As the dreary procession of geriatric celebrities wends its way through the British courts, we might reflect that, had they been a couple of generations younger and British, these two icons of liberation and feminism might have ended up behind bars.

Jenny Bryer

Birmingham

London doesn’t need a new concert hall

David Lister (7 March) says that Simon Rattle will get his new concert hall. I am an opera goer, a concert goer and a concert performer. I live in London. But I think the idea of building a new concert hall here is absurd. Apart from concentrating yet more cultural activity in London, it is completely unnecessary when, for a fraction of the cost, an expert could achieve wonders with the acoustics of the Barbican and the Festival Hall. And if, as I hope is the case, the LSO and Rattle increase their touring programmes, they can experience the wonderful acoustics of the Sage, Bridgewater Hall and Symphony Hall.

On a commercial level, everyone has a real problem filling the existing concert halls. This is a vanity proposal that could end up causing Rattle more damage than his reputation can bear.

Michael Dempsey

London E1

Bus and coach deaths exaggerated

In your article on Labour’s promise to regulate the age of the tyres on buses and coaches (6 March) you say that 90 people a month are killed on buses and coaches. By implication this figure applies to the UK.

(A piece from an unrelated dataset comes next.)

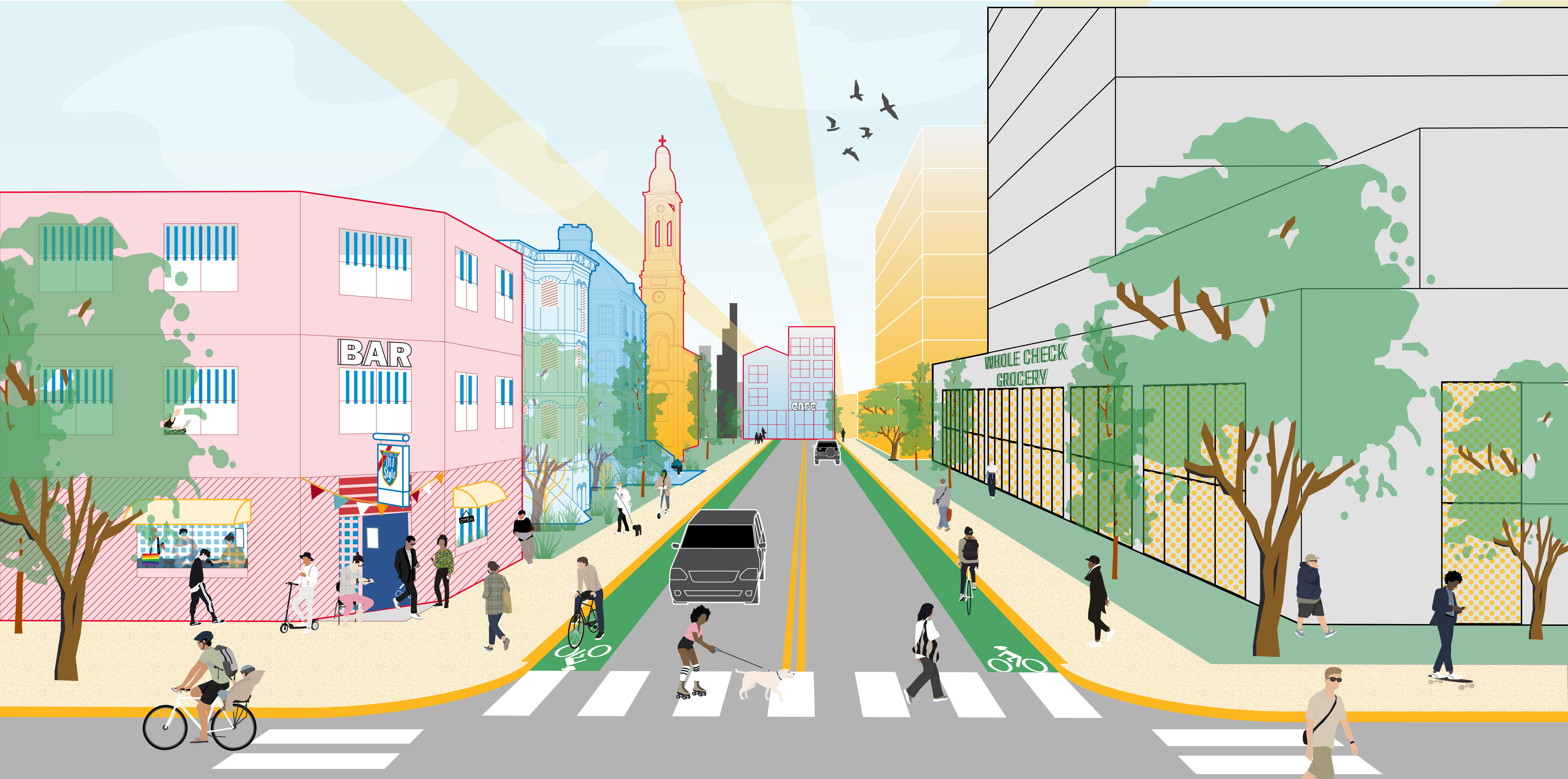 The emergent model allowed Chicago to adapt to changing needs over time. Landowners were free to build according to market demand. Residential areas included homes for a variety of incomes, while commercial corridors hosted local grocers, cafes, and specialty shops, sustained by the surrounding community. Density was not imposed but evolved naturally as families converted single-family homes into flats or added storefronts to accommodate economic activity. Home owners could rent units to immigrants or those otherwise unable to afford new construction, allowing more affordability.4 What made this model successful was its flexibility which allowed filtering of use over lifecycles and micro- and macroeconomic trends.

If you look carefully at Reported Road Casualties: Great Britain – it is not difficult to find on the .gov website – you will see that in the whole of the last year for which statistics are available 10 people died in road accidents when they were travelling in a bus or coach.

Steven Salmon

Confederation of Passenger Transport UK, London WC2

Why use apprentices when labour is cheap?

Why should employers bother with setting up apprenticeships when migrant labour is so readily available (“The march of the apprentices”, 5 March)?